*** INPUT DATA ***

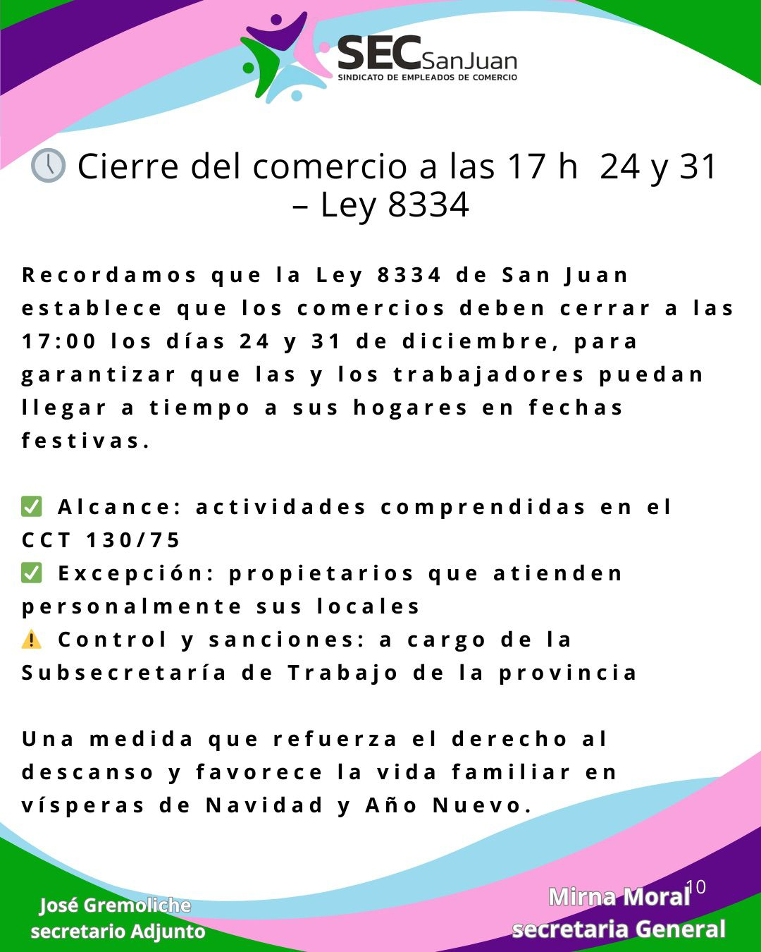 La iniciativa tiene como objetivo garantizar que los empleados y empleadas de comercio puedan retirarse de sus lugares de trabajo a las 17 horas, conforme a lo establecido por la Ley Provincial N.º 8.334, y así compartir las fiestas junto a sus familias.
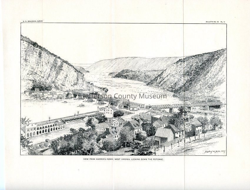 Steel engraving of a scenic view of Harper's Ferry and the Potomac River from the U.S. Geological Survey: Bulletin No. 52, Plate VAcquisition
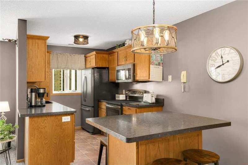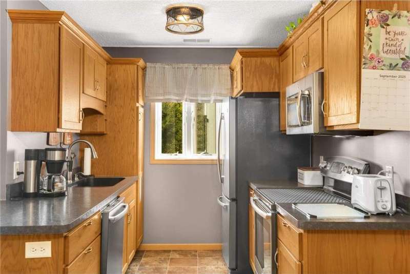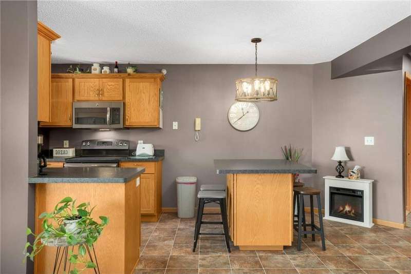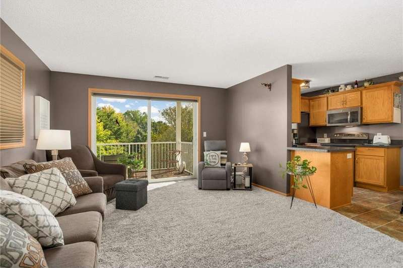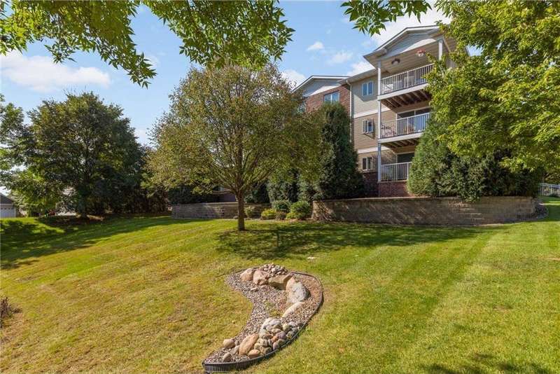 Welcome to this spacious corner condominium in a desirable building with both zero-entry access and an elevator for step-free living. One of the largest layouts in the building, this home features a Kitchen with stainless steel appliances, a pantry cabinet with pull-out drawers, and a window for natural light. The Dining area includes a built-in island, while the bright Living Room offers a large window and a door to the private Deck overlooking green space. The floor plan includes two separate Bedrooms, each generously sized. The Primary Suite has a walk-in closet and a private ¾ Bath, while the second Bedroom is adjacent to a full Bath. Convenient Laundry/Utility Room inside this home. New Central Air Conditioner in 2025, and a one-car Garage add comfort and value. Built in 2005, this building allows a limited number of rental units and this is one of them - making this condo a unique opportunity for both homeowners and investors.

*** End of INPUT DATA ***

■ WHAT TO DO
Could you transcribe all of the data exactly, keeping every picture out of the copy?

■ REPLY
 La iniciativa tiene como objetivo garantizar que los empleados y empleadas de comercio puedan retirarse de sus lugares de trabajo a las 17 horas, conforme a lo establecido por la Ley Provincial N.º 8.334, y así compartir las fiestas junto a sus familias.
 Steel engraving of a scenic view of Harper's Ferry and the Potomac River from the U.S. Geological Survey: Bulletin No. 52, Plate VAcquisition
 Welcome to this spacious corner condominium in a desirable building with both zero-entry access and an elevator for step-free living. One of the largest layouts in the building, this home features a Kitchen with stainless steel appliances, a pantry cabinet with pull-out drawers, and a window for natural light. The Dining area includes a built-in island, while the bright Living Room offers a large window and a door to the private Deck overlooking green space. The floor plan includes two separate Bedrooms, each generously sized. The Primary Suite has a walk-in closet and a private ¾ Bath, while the second Bedroom is adjacent to a full Bath. Convenient Laundry/Utility Room inside this home. New Central Air Conditioner in 2025, and a one-car Garage add comfort and value. Built in 2005, this building allows a limited number of rental units and this is one of them - making this condo a unique opportunity for both homeowners and investors.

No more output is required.